> _WORK TO BE COMPLETED_
Starting at the line with "Well-Equipped Kitchen: Perfect", retype every remaining line of the records exactly. Do not include pictures.
+++++
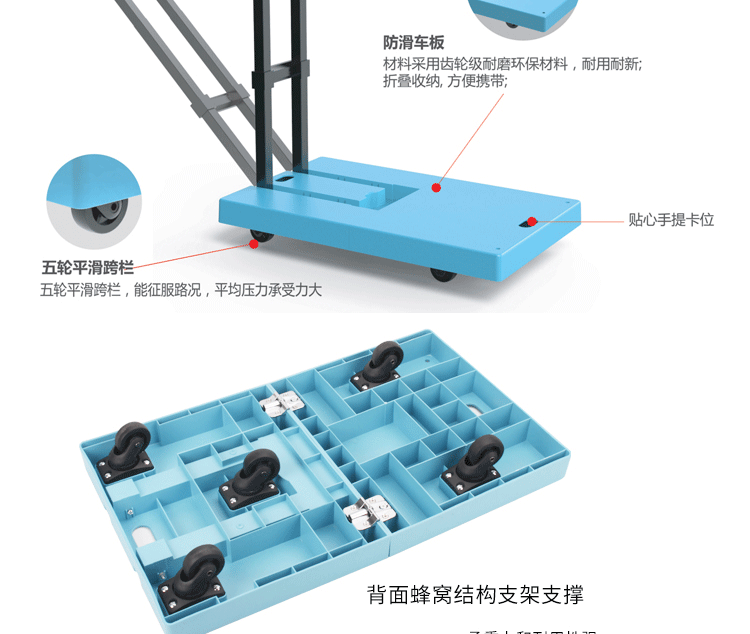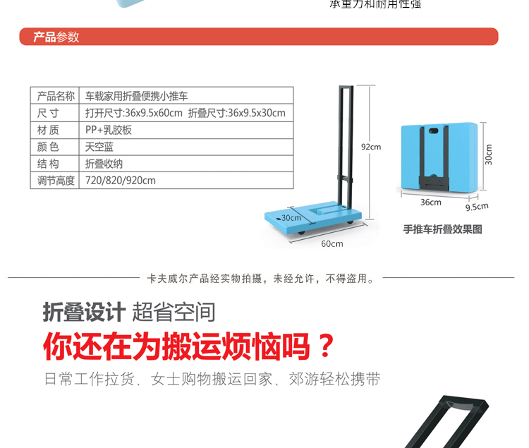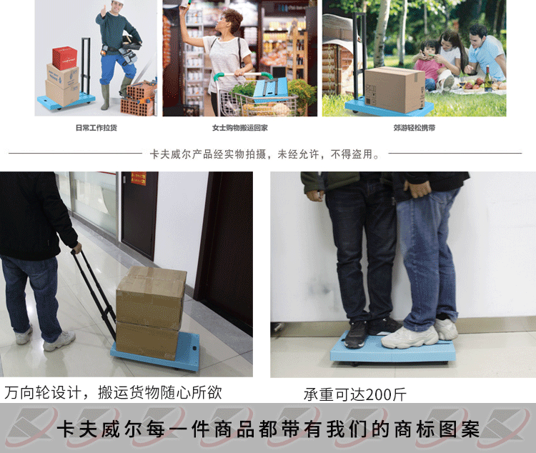卡夫威尔 车载便携手推车折叠小推车手推车货车搬运平板车手拉车拉杆行李车 PK3101
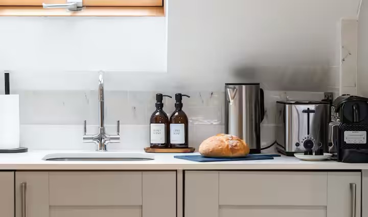 Well-Equipped Kitchen: Perfect for cooking your own meals, the kitchen features a full range of appliances, including a dishwasher, oven, fridge, Nespresso coffee maker, and a dining table for four. Complimentary essentials like cooking basics, a loaf of sourdough bread, and milk add thoughtful touches to your stay.
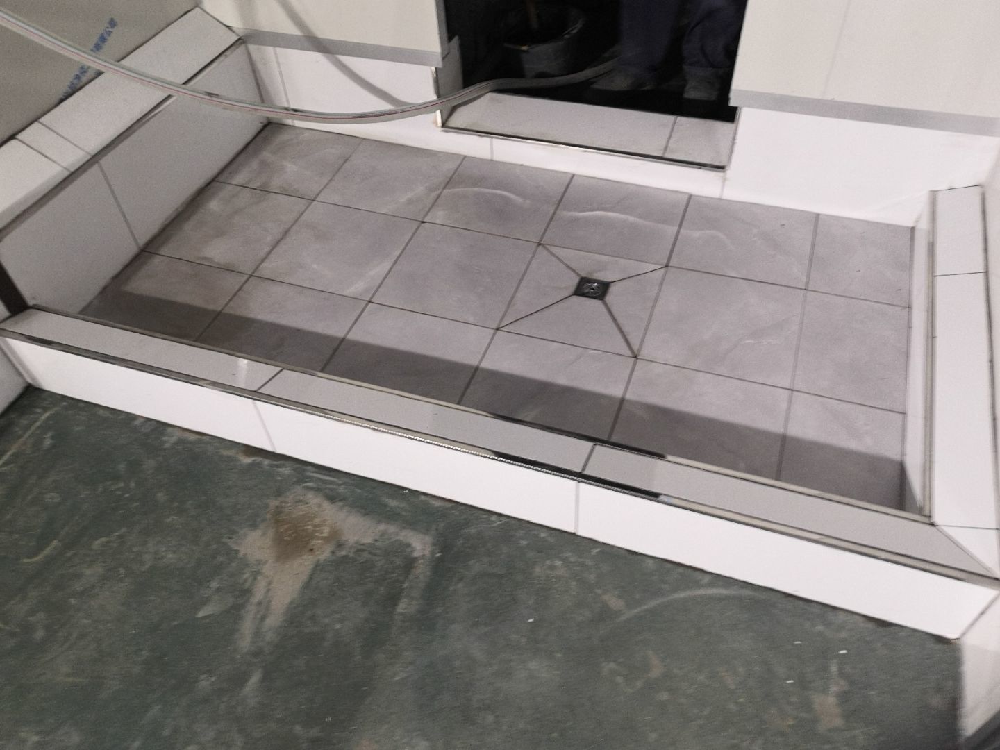 1.車間立墻板,掛T鋁;2.擋水墻貼斜坡,勾縫,做腳踏池
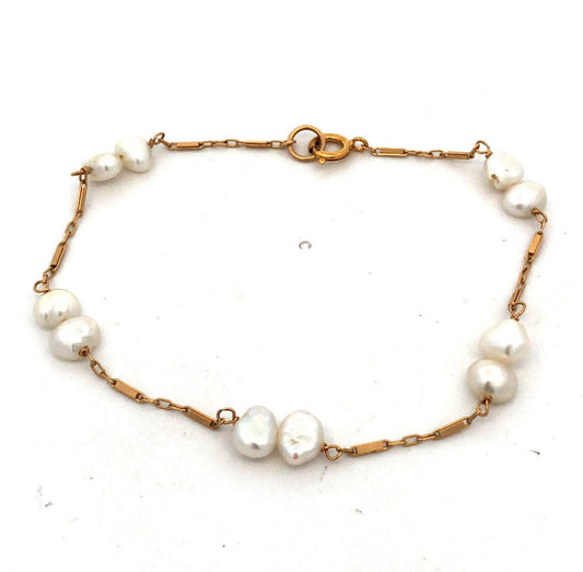 Estate 14K Yellow Gold White Pearl Beaded Station Bar Link Chain Bracelet
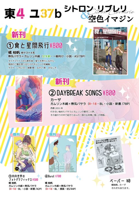 冬コミ新刊のサンプルを上げました✨ 『食と星間旅行』 ただ熱気さんと木崎くんが星々を旅しながらご飯を食べているだけのグルメ評論のような本で、ゲスト様4名をお迎えした計7話のオムニバス形式です。 pixiv.net/artworks/10382… #コミックマーケット101 #新刊情報
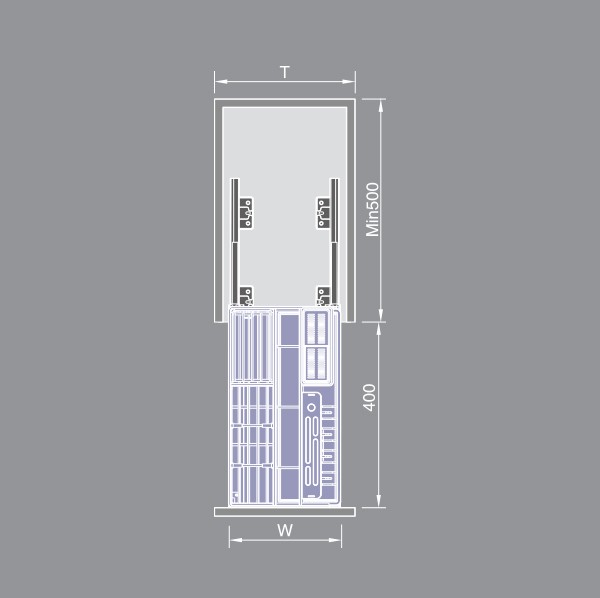 – Standard: 250 (W) × 450 (H) × 450 (D)
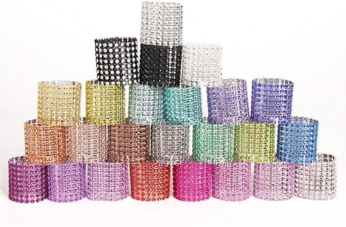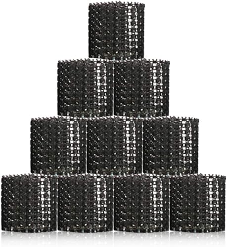MoreChioce Lot de 50 Ronds de Serviette,Table Porte-Serviettes élégant Anneau de Serviette Ruban Diamant Bague Déco Ruban à Strass avec fermeture pour Décoration de Mariage, Banquet,Noir
+++++
> _EXPECTED ANSWER_
 Well-Equipped Kitchen: Perfect for cooking your own meals, the kitchen features a full range of appliances, including a dishwasher, oven, fridge, Nespresso coffee maker, and a dining table for four. Complimentary essentials like cooking basics, a loaf of sourdough bread, and milk add thoughtful touches to your stay.
 1.車間立墻板,掛T鋁;2.擋水墻貼斜坡,勾縫,做腳踏池
 Estate 14K Yellow Gold White Pearl Beaded Station Bar Link Chain Bracelet
 冬コミ新刊のサンプルを上げました✨ 『食と星間旅行』 ただ熱気さんと木崎くんが星々を旅しながらご飯を食べているだけのグルメ評論のような本で、ゲスト様4名をお迎えした計7話のオムニバス形式です。 pixiv.net/artworks/10382… #コミックマーケット101 #新刊情報
 – Standard: 250 (W) × 450 (H) × 450 (D)
MoreChioce Lot de 50 Ronds de Serviette,Table Porte-Serviettes élégant Anneau de Serviette Ruban Diamant Bague Déco Ruban à Strass avec fermeture pour Décoration de Mariage, Banquet,Noir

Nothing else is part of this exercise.